Companies that act as depositories will be more tightly regulated in a bid to reduce the likelihood of fraud in the wake of the Bernie Madoff (pictured) scandal. A “limited number” of groups will be eligible to act as depositories, holding client investments to keep them separate from fund managers. These will include credit institutions, central banks and “sufficiently capitalised and supervised authorities”. Strict limitations have also been placed on the amount of collateral required if depositaries decide to engage in stock lending.

Fines and sanctions against managers

If fund management groups break Ucits rules, national regulators can levy fines of up to €5m (£4.1m) or 10 per cent of the company’s turnover.

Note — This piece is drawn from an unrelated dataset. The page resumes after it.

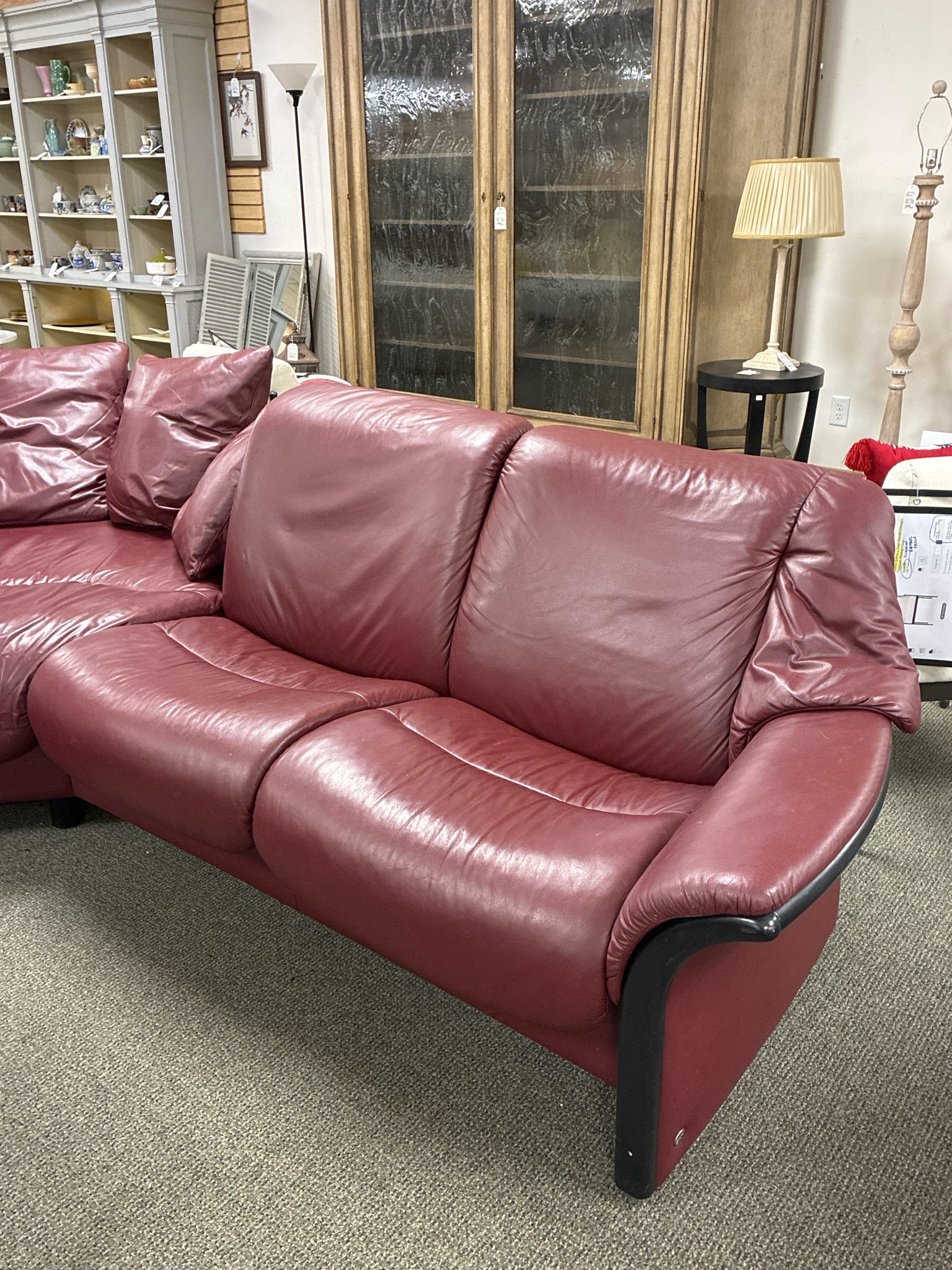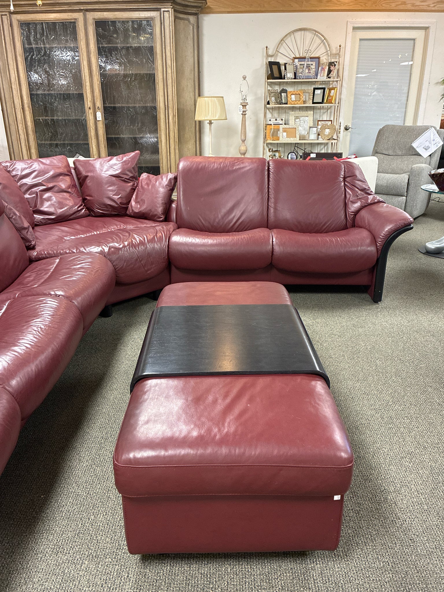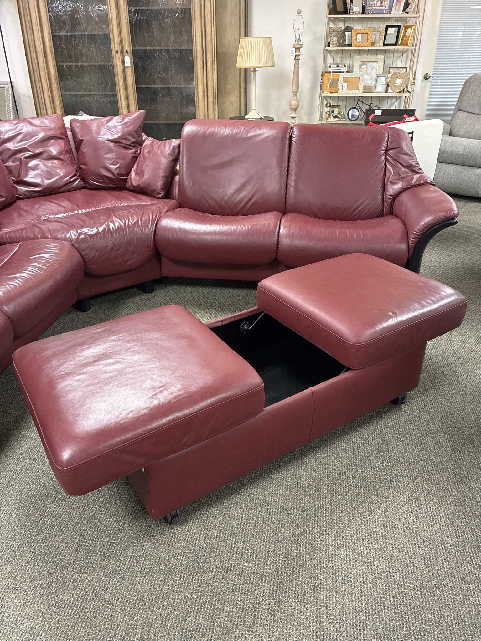 Ekornes Stressless Eldorado 3 Piece Leather Sectional With Storage Ottoman & Tray. Dimensions: 11'3" X 9' 32"Depth 39"Height

German MEP Sven Giegold, who led the Ucits V legislation through the EU’s process, said politicians in the European Parliament wanted “higher sanctions in line with the levels set in the EU’s market abuse legislation”, but this was rejected by other parties.

The sanctions also include the ability for regulators to suspend a firm’s authorisations for fund management for any perpetrators of fraud


For the first time, any individuals who blow the whistle on malpractice in fund management will have secure channels through which to register their concerns with their local regulators and with the European Securities and Markets Authority. The Green party, which was particularly vocal in backing this law, said increased protection for whistleblowers could help the “regulatory capture of national supervisors”. It is also the first time that such provisions protecting whistleblowers have been included in any financial services legislation at a European level.

Ucits V ‘adds to compliance burden’

While politicians hailed the bonus rules as a victory for investors on a par with similar limits for banking staff, regulatory consultancy Bovill has warned that the new legislation “will add very significantly to the compliance burden” on fund managers.

Ashley Kovas, head of funds at Bovill, said that there would definitely be “a lot of relief” that European policymakers did not vote for the “nuclear option” of an explicit cap on how much can be paid to individuals as bonuses. But he added: “The bonus culture for the vast majority of fund managers is already aligned very closely to the fund’s performance, so in that sense these rules aren’t needed. However, this will add very significantly to the compliance burden being heaped on the fund management industry. The rules will be very unpopular with the fund managers they will affect, who will see this as a very big hammer to crack a very small nut.”

He said the rules could encourage fund managers to seek ways to get round them – as had been seen with banks in the wake of a bonus cap.